---
license: apache-2.0
base_model:
- OpenGVLab/InternVL3-2B
---
**EN** | [中文](README_CN.md)
# SenseNova-SI: Scaling Spatial Intelligence with Multimodal Foundation Models
🔥Please check out our newly released [**SenseNova-SI-1.1-InternVL3-2B**](https://huggingface.co/sensenova/SenseNova-SI-1.1-InternVL3-2B) and
[**SenseNova-SI-1.1-InternVL3-8B**](https://huggingface.co/sensenova/SenseNova-SI-1.1-InternVL3-8B).
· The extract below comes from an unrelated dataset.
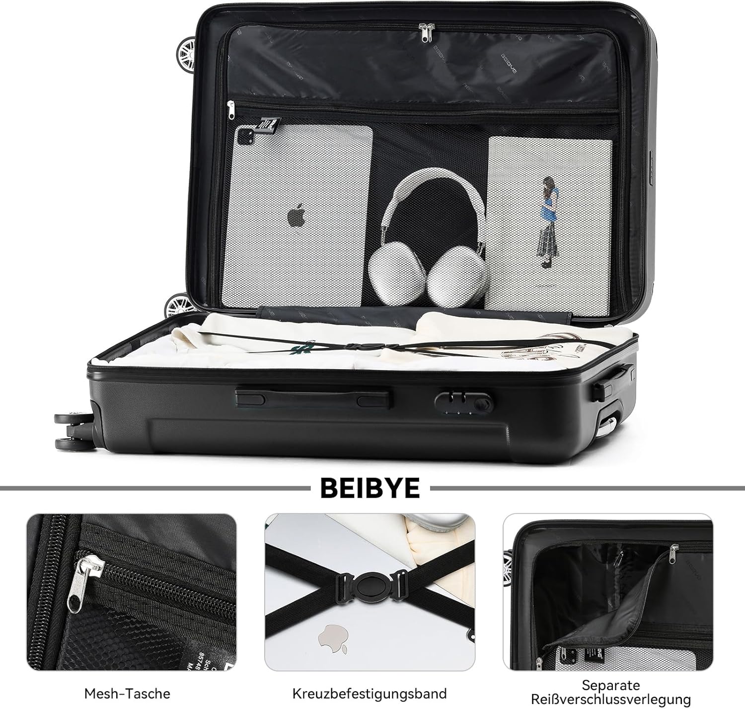 Ich bin absolut begeistert von dem BEIBYE Hartschalen-Koffer! Der Koffer überzeugt nicht nur durch sein modernes Design, sondern auch durch seine Robustheit und Stabilität. Die Hartschale schützt den Inhalt optimal, auch bei ruppigem Umgang auf Flughäfen. Selbst nach mehreren Reisen sieht der Koffer noch aus wie neu, ohne Kratzer oder Dellen.Die Leichtgängigkeit der Rollen ist ein weiteres großes Plus. Der Koffer lässt sich mühelos in alle Richtungen manövrieren, was den Transport gerade auf langen Reisen sehr angenehm macht. Dank der 360-Grad-Doppelrollen kann ich den Koffer auch durch enge Räume oder über unebene Flächen problemlos ziehen.Innen bietet der Koffer viel Stauraum mit praktischen Trennwänden und Spanngurten, die das Packen und Organisieren erleichtern. Auch der ausziehbare Teleskopgriff liegt gut in der Hand und lässt sich in mehreren Stufen verstellen, sodass der Koffer für jede Körpergröße bequem ist.Insgesamt ein sehr zuverlässiger und stilvoller Begleiter für jede Reise! Für den Preis bekommt man hier wirklich viel Qualität und Komfort. Absolute Kaufempfehlung!

⏳***The current model will be deprecated in due course.***
## Overview
Despite remarkable progress, leading multimodal models still exhibit notable deficiencies in spatial intelligence:
the ability to make metric estimations, understand spatial relationships, handle viewpoint changes, and integrate information across complex scenes.
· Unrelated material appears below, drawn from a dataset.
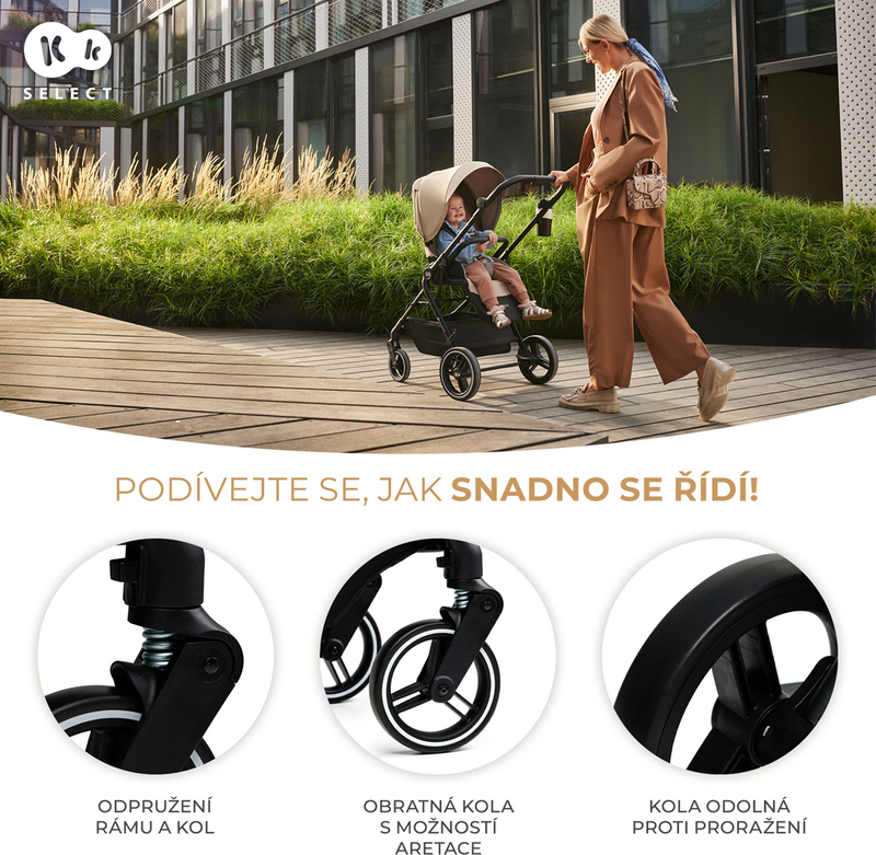 Voziček je na voljo tudi s celotno vrsto praktičnega dodatnega pribora, kot so mreža proti insektom, dežna prevleka, držalo za skodelico, torba za ročaj za starše in adapterji za otroški avtosedež.

We take a scaling perspective: constructing and curating a large-scale, comprehensive collection of spatial intelligence data,
and through continued training on powerful multimodal foundations,
cultivating multi-faceted spatial understanding within the SenseNova-SI family of models.
*In the future, SenseNova-SI will be integrated with larger-scale in-house models.*
## Release Information
Currently, we build SenseNova-SI upon popular open-source foundation models to maximize compatibility with existing research pipelines.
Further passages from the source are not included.